Rare View Work

“It’s Complicated”: PR and Journalism In the Time of Independent Media

The relationship between journalists and public-relations professionals needs re-negotiation in the age of independent niche publications.

The relationship between journalists and public-relations professionals is a complex one, to say the least. As an editor working in fashion magazines in the heyday of India’s lifestyle media (2005 – 2015), interacting with PR managers was part of my everyday routine. They represented the top brands or celebrities that we wanted to feature in our pages, and we needed them to get our photo shoots and interviews done.

They also needed us. Besides representing the top brands, many simultaneously also represented lesser known fashion and beauty labels, and getting a mention for them in our magazines was precisely what they were paid for.

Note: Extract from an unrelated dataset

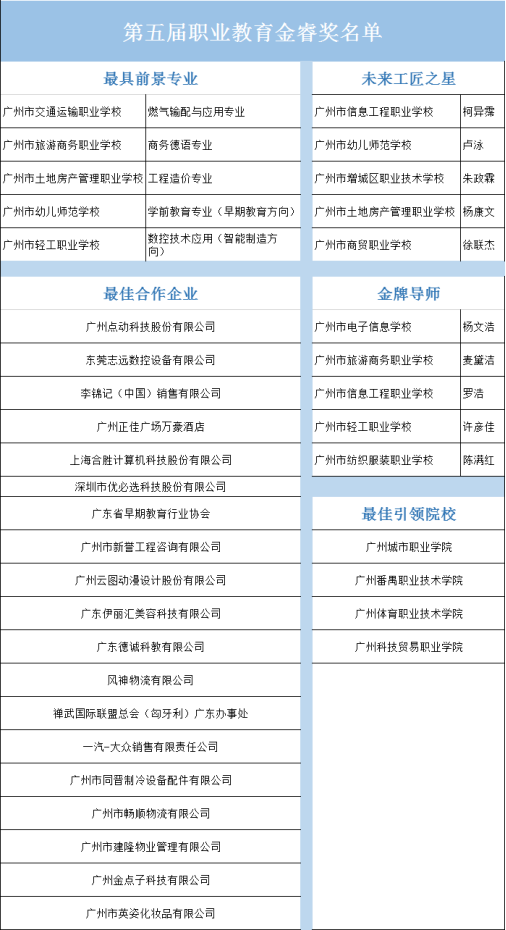 “未来工匠之星”柯异霈来自广州市信息工程职业学校,他勤勉上进,思维灵活、应变能力强,曾在省、市技能大赛网络空间空间安全赛项中屡获奖项;广州市轻工职业学校数控技术应用(智能制造方向)专业培养出一批批高端制造企业所亟需的技能人才,“三二分段”中高职对口专业更是为学生筑梦升学造就了“最具前景”平台……

And so they invested in the relationship – remembering birthdays, keeping in touch over the years, meeting over lunch or coffee, congratulating on job switches or promotions. Many of them even became friends.

Most PR managers were, in any case, former journalists. They knew what we needed, and used the right words and approach. They understood the scope and limits of our jobs and never made unethical requests. We were happy to take their calls and to consider their story pitches.

Then, social media happened, and fashion magazines began shutting down one after another as their advertisers moved online. Lifestyle writers switched over to mainstream media, and fell out of touch with PR (some media houses don’t even allow PR managers to get past the reception to meet a journalist).

eShe’s first issue, launched in July 2017

Soon, a new generation of media and digital natives began to come up. For example, in 2017, I launched eShe as an independent magazine and blog. Many other media products like India Development Review (2017), The Wire (2015), Alt News (2017), and even social-media pages came up, offering unique content and creating a new niche for themselves.

Many of these are bootstrapped startups, including mine. Which means that every story that goes into our pages has cost us good money from our own pocket – including the journalist’s time, the printing and server costs, and so on. Little wonder that we are careful about the stories we curate and invest in. If it doesn’t fit our vision, we aren’t likely to consider a story pitch – even if the PR manager is a friend.

It didn’t help that the world of PR itself underwent a fundamental change as clients began moving online and reaching customers directly instead of building brands through magazine mentions. The PR industry became a cut-throat space; holding on to a client meant working longer hours and cutting costs everywhere else. Sometimes, this meant a novice was positioned on the front line dealing with senior editors.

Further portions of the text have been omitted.